**WORK TO BE COMPLETED:** Output exactly the lines below from the one containing "Ρούση στο 40'" to the last line, both included. Omit pictures.

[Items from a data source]
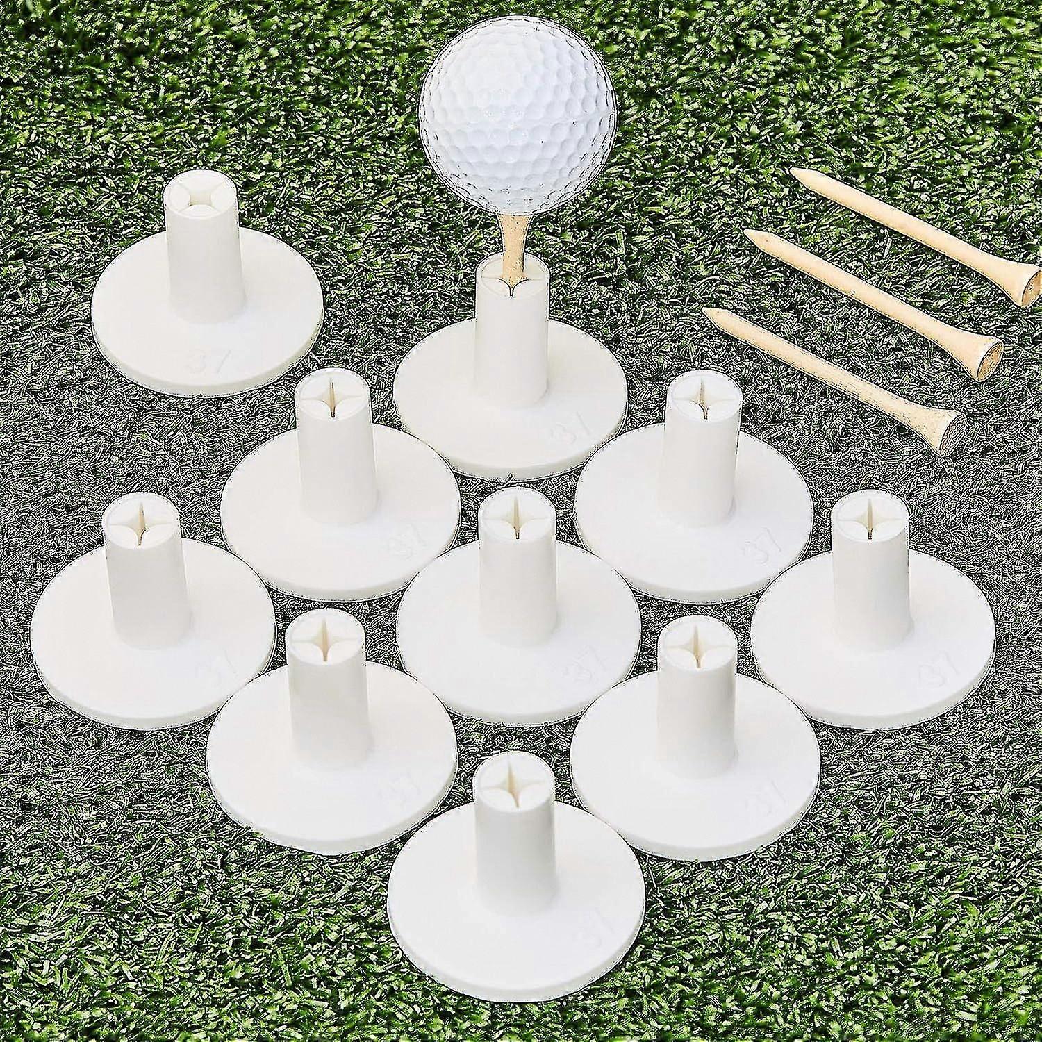 What can you get: 10 count rubber tee holders and 10 count bamboo tees, adequate quantity can support for a long time using; Golf ball is not includedQuality material: golf tee holders are made of quality rubber, which is better for indoor and outdoor practice, designed for better durability and performance, can be applied for many timesSize: height: 1.5 inch, bottom diameter: 2.1 inch; This golf rubber tee holder can easily fit most size wood tee and castle tee for indoor putting and outdoor driving range practiceFunction: with this rubber pedestal tee, it simply sits atop the tee box grass and wham, bounce after hitting the ball away but its bright white colour makes it easy to findWide range of application: golf rubber tee holder set can be applied at home, yard, etc., suitable for family and friends to play together, you can also put golf balls on the rubber tee holder directly because they can work alone10 Set golf rubber tee holder set for driving range golf practice mat indoor outdoor size 1.5 inch (10 golf rubber tee holders, 10 bamboo tees)Tee and tee holder 2 in 1:You can choose to put tees or not, both of which are very stable, allowing you to play with confidence outdoors or indoors.Cross hole design:The design of the cross hole makes the tees more stable and will not move randomly, ensuring the stability when hitting the ball and making the distance farther.Specification:Size: 1.5 inch in heightColor: as shown in the picturePackage includes:10 x Rubber tee holder10 x Bamboo teeNote:Manual measurement, please allow slight errors on size.The colors may exist slight difference due to different screens.
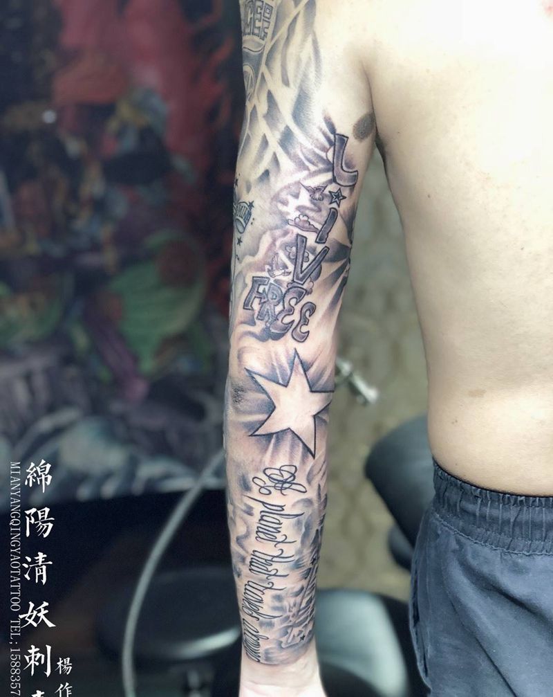 当前位置: 首页 >四川省绵阳市纹身店-绵阳清妖刺青纹身店纹身图案>花臂纹身,简阳的帅哥两次完工店长-杨 作品纹身图片
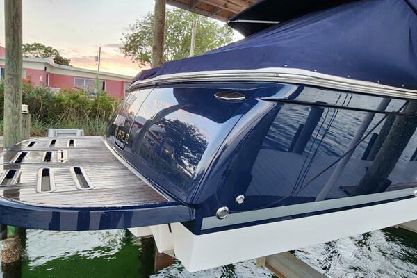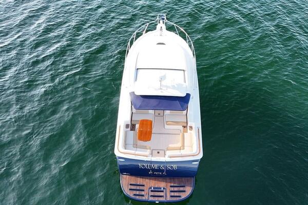 The moment you step aboard the teak inlaid fiberglass swim platform on this beautiful flag blue hull, you feel the full beam of welcoming cockpit seating and signature soft Marine Mat flooring. With an on center transom gate and teak handrail, Tiara has made a statement of style and safety for up to 8 guests.
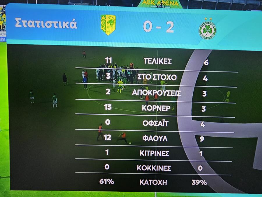 *Κίτρινη στον προπονητή φυσικής κατάστασης της ΑΕΚ Σωτήρη Ρούση στο 40'
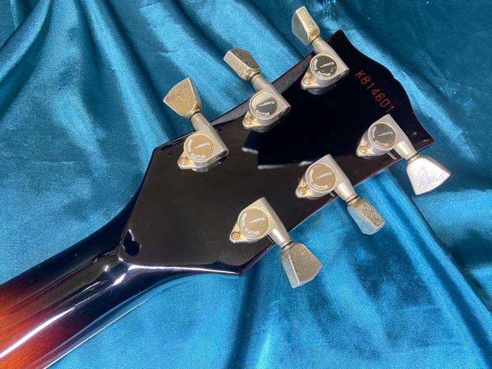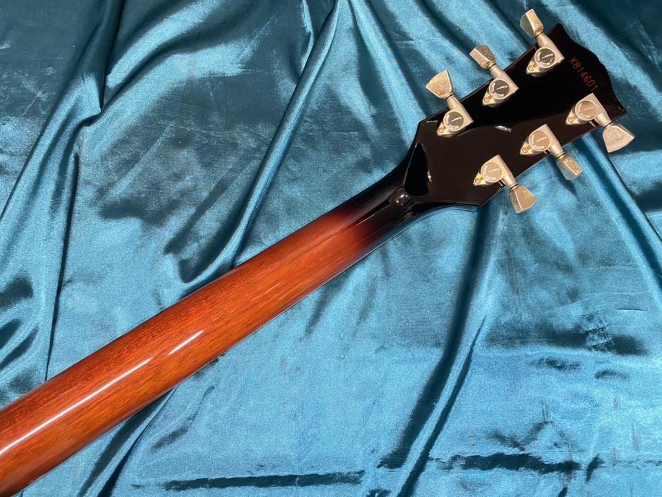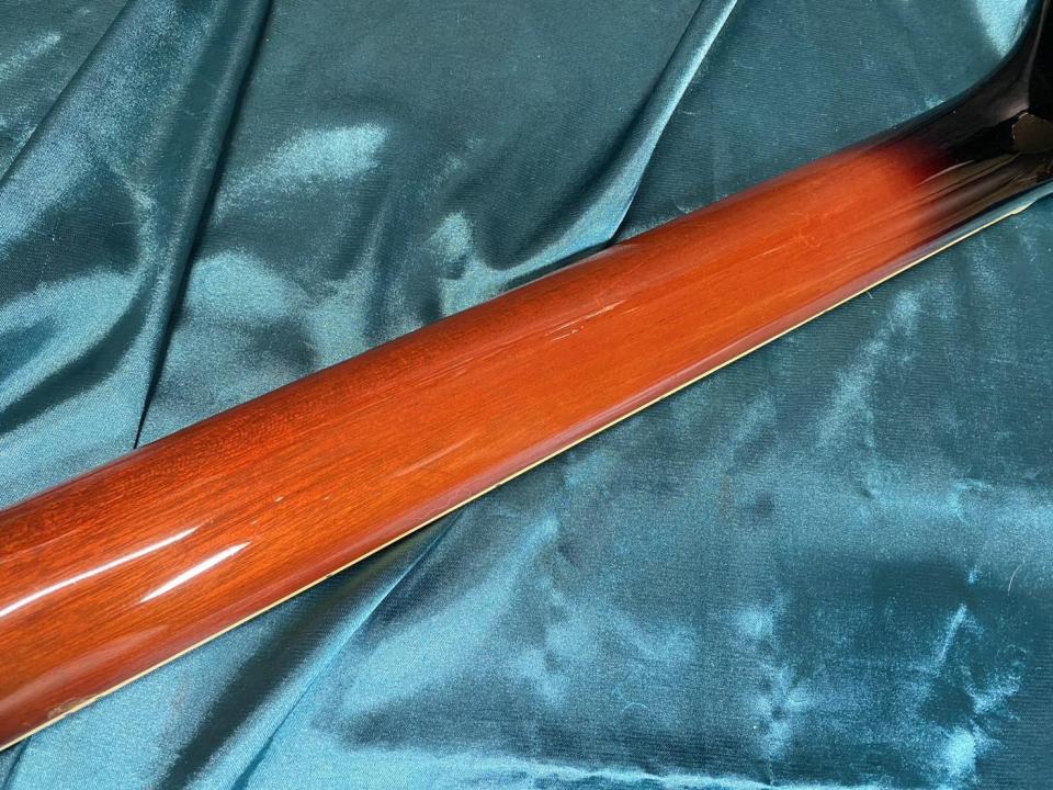 ごく僅かにネック裏とヘッド先端に塗装剝がれとボディバックのバックル付近の細かな傷やゴールドパーツにクスミは見られますが、大きなダメージはなく、年代物になりますが美品の部類に入る個体になります。

**SOLUTION:**
 *Κίτρινη στον προπονητή φυσικής κατάστασης της ΑΕΚ Σωτήρη Ρούση στο 40'
 ごく僅かにネック裏とヘッド先端に塗装剝がれとボディバックのバックル付近の細かな傷やゴールドパーツにクスミは見られますが、大きなダメージはなく、年代物になりますが美品の部類に入る個体になります。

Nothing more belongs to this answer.